We rode off toward Finger Bone, the hungry flames behind us just as if we were riding out of Sodom and Gomorrah.
“I wonder how many others them two has waylaid over the years?” the Cap’n said as we rode along.
I said I didn’t know but I guessed we weren’t the first, that they just didn’t suddenly start with us, because of the way the old man had set it up.
“I’m surprised he didn’t try and drug us with that whiskey first,” Cap’n said.
“You and me both know, criminals was smart, wouldn’t none of them get jailed or shot,” I said.
“Well, their souls are with Jesus now,” he said.
“I doubt Jesus will have any truck with them,” I said.
“I doubt it too, Jim. I doubt it too.”
We were leaving death to go and create more of it, and that was an unsettling thought if ever there was one.
It was like death was dogging us just so it could learn how to do it proper. Last night, when I shot that man, I realized then and there, I didn’t flinch at the thought, my heart never quickened, my hand never wavered, and it made me realize that in whatever ways I thought I’d changed, I hadn’t changed all that much.

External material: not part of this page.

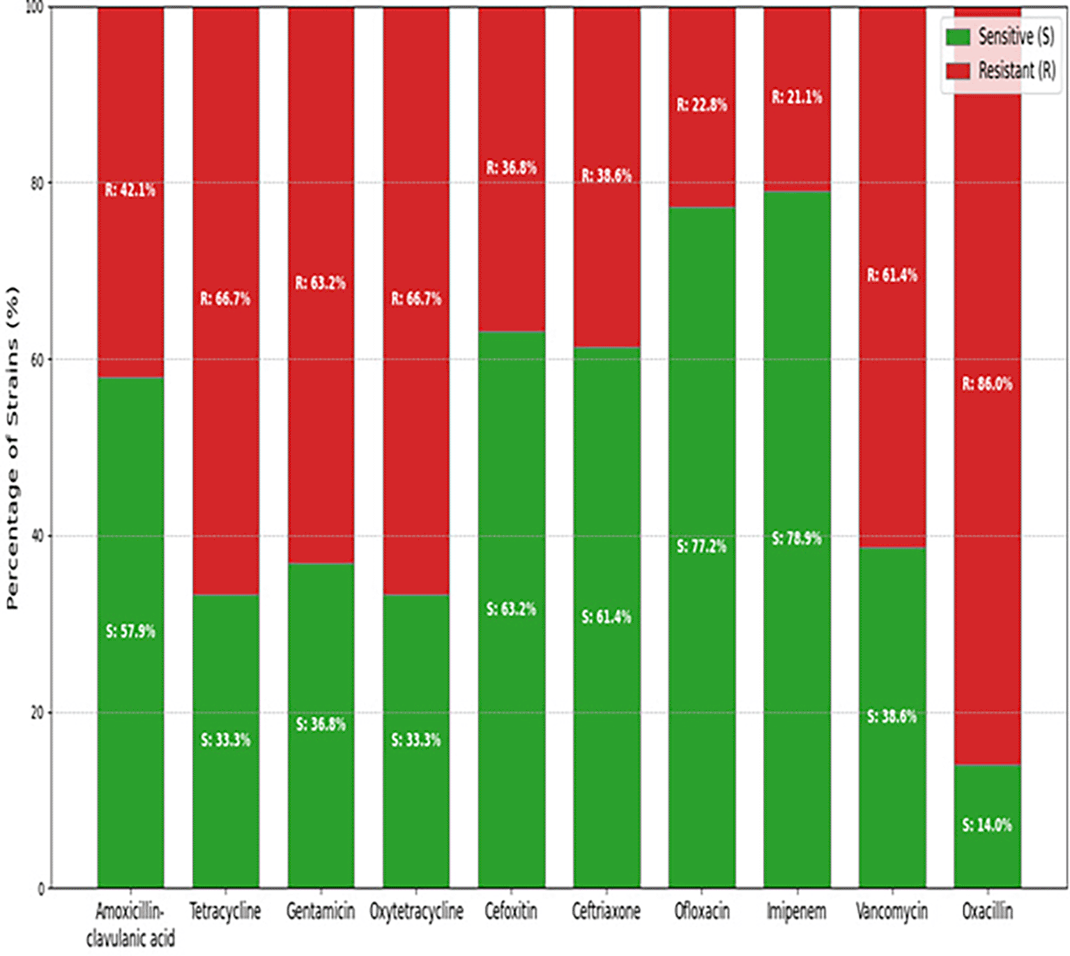 Figure 2 depicts the antibiotic resistance profiles of 156 Listeria strains across seven different antibiotics. The stacked bar chart shows the percentage of strains classified as sensitive (S) and resistant (R) for each antibiotic. Notably, Vancomycin and Oxacillin exhibit high percentages of resistant strains (83.1% and 88.1% respectively), while Ofloxacin has the highest percentage of sensitive strains (81.4%). This figure offers a clear visual summary of the resistance patterns observed in the tested Listeria isolates. While Figure presents the antibiotic profile, other subsequent figures present the pattern and relationships with other factors

The road lay long and straight ahead of us, the sun just now rising above the rimrock to our rear, and the world seemed no wiser or bereft because of what we’d left in our wake.
Chapter Ten
Billy & Sam
They wandered from place to place, striking up friendships with the locals because they were in a strange country and Billy had heard some tales from Jardine back when Jardine was still alive and talking about the things that went on in Old Mexico. Said he’d been there a time or two, back in his wild youth, Jardine called it. “It’s easy country if you know how to get along with the natives,” he’d said. “Hard country if you don’t.